Mountain in Western Tasmania, Australia

Mount Sorell is a mountain located in the West Coast region of Tasmania, Australia.

With an elevation of 1144 m above sea level, the mountain is the most south westerly of all the peaks within the West Coast Range.

==History==
The mountain was named in honour of William Sorell (1775 – 4 June 1848), a soldier who served as the third Lieutenant-Governor of Van Diemen's Land.

Alluvial gold was found in adjacent creeks in the 1880s.

==Geology==
Its eastern face dominates the Clark River valley, which separates it from Mount Darwin.

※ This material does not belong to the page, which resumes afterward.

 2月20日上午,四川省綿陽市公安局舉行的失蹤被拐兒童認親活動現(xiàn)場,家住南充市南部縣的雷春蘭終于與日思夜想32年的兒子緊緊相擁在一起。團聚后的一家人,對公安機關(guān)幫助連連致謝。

Because of its position, its appearance and dominance over the Macquarie Harbour just north east of Sarah Island, it was an early named mountain, and no doubt one which gave a sense of barrier to convicts with dreams of escape. Some folklore passed from convict times claim leg irons or other items were found by troops looking for escaped convicts on its slopes.

It has no points of access like the nearby mountains, and in general remains relatively untouched compared to the West Coast Range mountains with old mine workings, walking track, and other signs of human activity.

The Cape at the outer part of Hells Gates at the entrance to Macquarie Harbour is known as Cape Sorell, and there is a locality in south eastern Tasmania called Sorell.